Generate Randomness for API Models
It’s helpful to generate random data in the shape of the vendor models when integrating with third parties.
Here’s the first step in building a service that generate random data in the shape of specific model.
Model Generation
There’s a tool that can take an OpenAPI spec and generate a Pydantic model. It’s called datamodel-code-generator and you can read about it here. A URL that points to an API spec can be passed and the output is a Python module containing the Pydantic models.

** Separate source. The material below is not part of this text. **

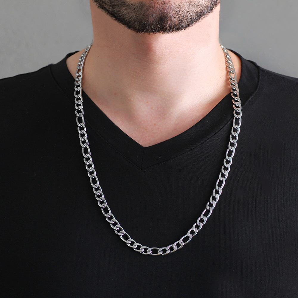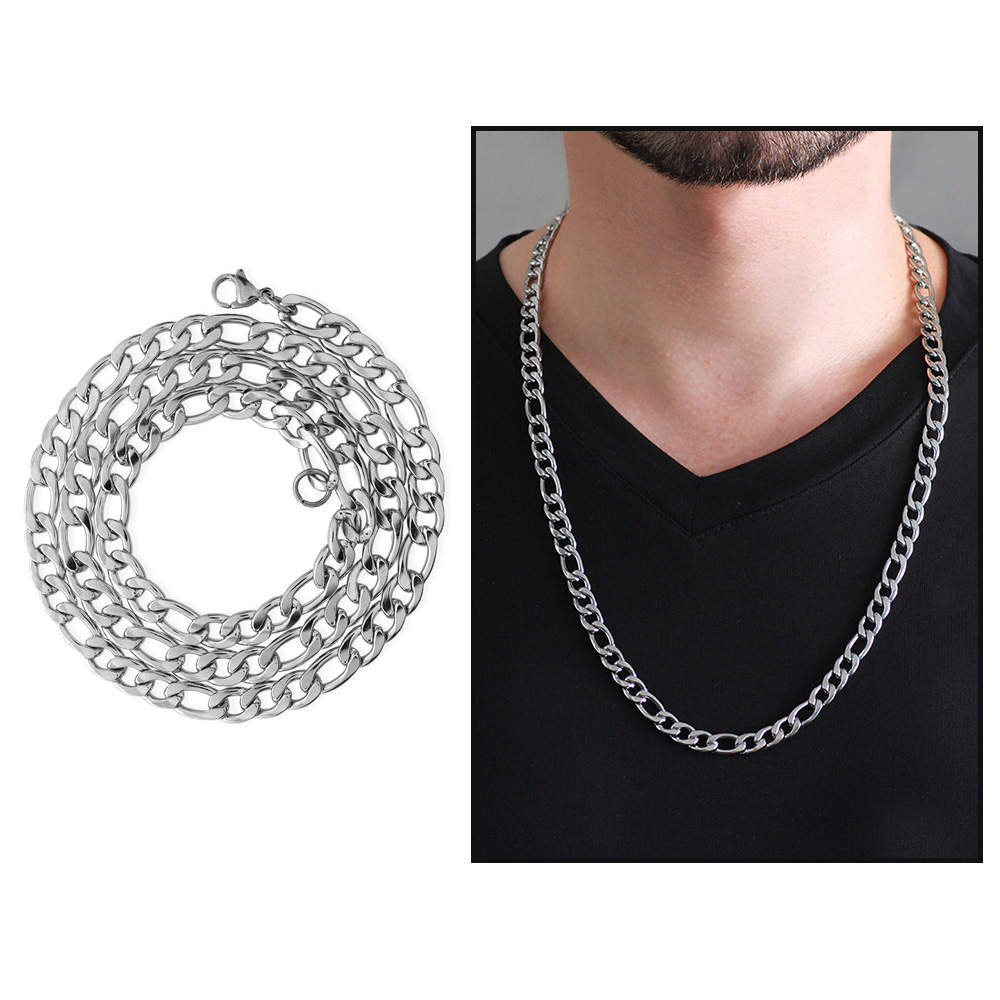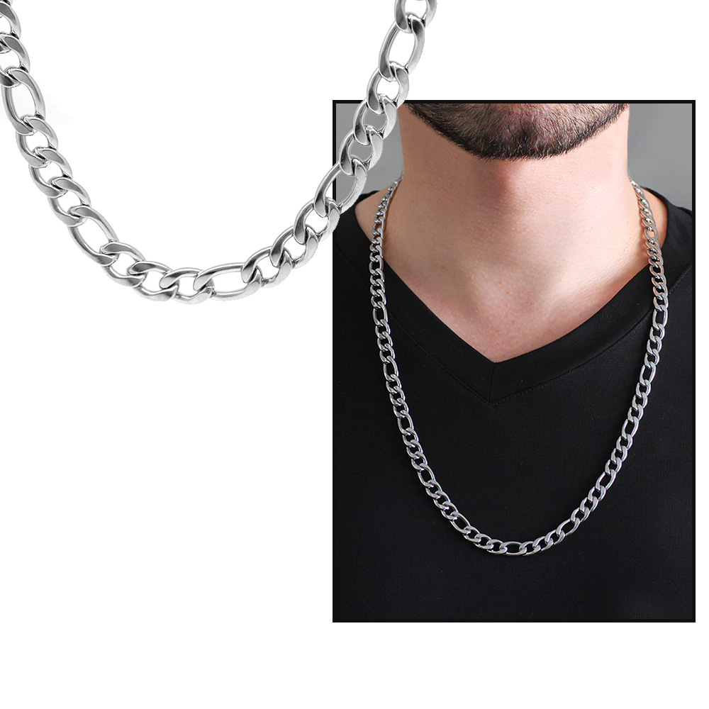 Gümüş Renk Çelik Erkek Figaro Zincir Kolye - 1

The Pydantic models are output. Many options available to control behavior, here’s a simple example from this spec
(venv) morgan@LAPTOP-O1G4SPR0:~/d/lab/python/random_api$ datamodel-codegen --url "https://raw.githubusercontent.com/OAI/OpenAPI-Specification/main/examples/v3.1/webhook-example.yaml"
The input file type was determined to be: openapi
This can be specificied explicitly with the `--input-file-type` option.
# generated by datamodel-codegen:
# filename: https://raw.githubusercontent.com/OAI/OpenAPI-Specification/main/examples/v3.1/webhook-example.yaml
# timestamp: 2023-12-01T22:17:43+00:00
from __future__ import annotations
from typing import Optional
from pydantic import BaseModel
class Pet(BaseModel):
id: int
name: str
tag: Optional[str] = None
Randomess
Polyfactoy (used to be Pydantic factories) can create instances of Pydantic models, assigning random data to the fields. It’s fairly configurable too. Here’s an (messy) example usind the model above
In [12]: class Pet(BaseModel):
...: id: int
...: name: str
...: tag: Optional[str] = None
In [13]: from polyfactory.factories.pydantic_factory import ModelFactory
In [14]: class PetFactory(ModelFactory):
...: __model__ = Pet
...:
In [15]: pet = PetFactory.build()
In [16]: print(pet)
id=7612 name='yqdjJbkFbaRUjuGSrQmD' tag='qdjsdoEIOrmVeNaffMHy'
Service
Putting those two things together gives you a service that can generate random data in the shape of a model provided by an OpenAPI spec. It works, but it’s a work in progress. Here’s the code.
Some Code Highlights
The model can be persisted for future use.
def create_model_from_url(url, persistor: BasePersistor) -> str:
spec_id = uuid4().hex
output_path = Path(TEMP_MODULE_PATH.name) / f"{spec_id}.py"
main(["--url", url, "--input-file-type", "openapi", "--output", str(output_path), "--output-model-type", "pydantic_v2.BaseModel", "--use-annotated"])
if not output_path.exists():
raise RegistrationFailed(spec_id)
model_str = output_path.read_text()
fixed_model_str = patterned_field_fixup(model_str)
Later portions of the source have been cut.